Horses' mobile ears are 'communication tool'
- Published
Very mobile ears help many animals direct their attention to the rustle of a possible predator.
But a study in horses suggests they also pay close attention to the direction another's ears are pointing in order to work out what they are thinking.
Researchers from the University of Sussex say these swivelling ears have become a useful communication tool.
Their findings are published in the journal Current Biology.
The research team studies animal behaviour to build up a picture of how communication and social skills evolved.
"We're interested in how [they] communicate," said lead researcher Jennifer Wathan.
"And being sensitive to what another individual is thinking is a fundamental skill from which other [more complex] skills develop."
Ms Wathan and her colleague Prof Karen McComb set up a behavioural experiment where 72 individual horses had to use visual cues from another horse in order to choose where to feed.
They led each horse to a point where it had to select one of two buckets. On a wall behind this decision-making spot was a life-sized photograph of a horse's head facing either to left or right.
In some of the trials, the horses ears or eyes were covered.
If the ears and eyes of the horse in the picture were visible, the horses being tested would choose the bucket towards which its gaze - and its ears - were directed.

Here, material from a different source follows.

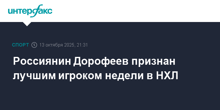 Россиянин Дорофеев признан лучшим игроком недели в НХЛ

If the horse in the picture had either its eyes or its ears covered, the horse being tested would just choose a feed bucket at random.
Like many mammals that are hunted by predators, horses can rotate their ears through almost 180 degrees - but Ms Wathan said that in our "human-centric" view of the world, we had overlooked the importance of these very mobile ears in animal communication.
"It seems there's something in the visual cues - from both the eyes and the ears - that are really important," she told BBC News.
"Horses have quite rich social lives and relationships with other horses, so they're a good species to look at this in.
"And the more we look at communication across different species, the more we can consider what might have promoted the evolution of sophisticated communication and social skills."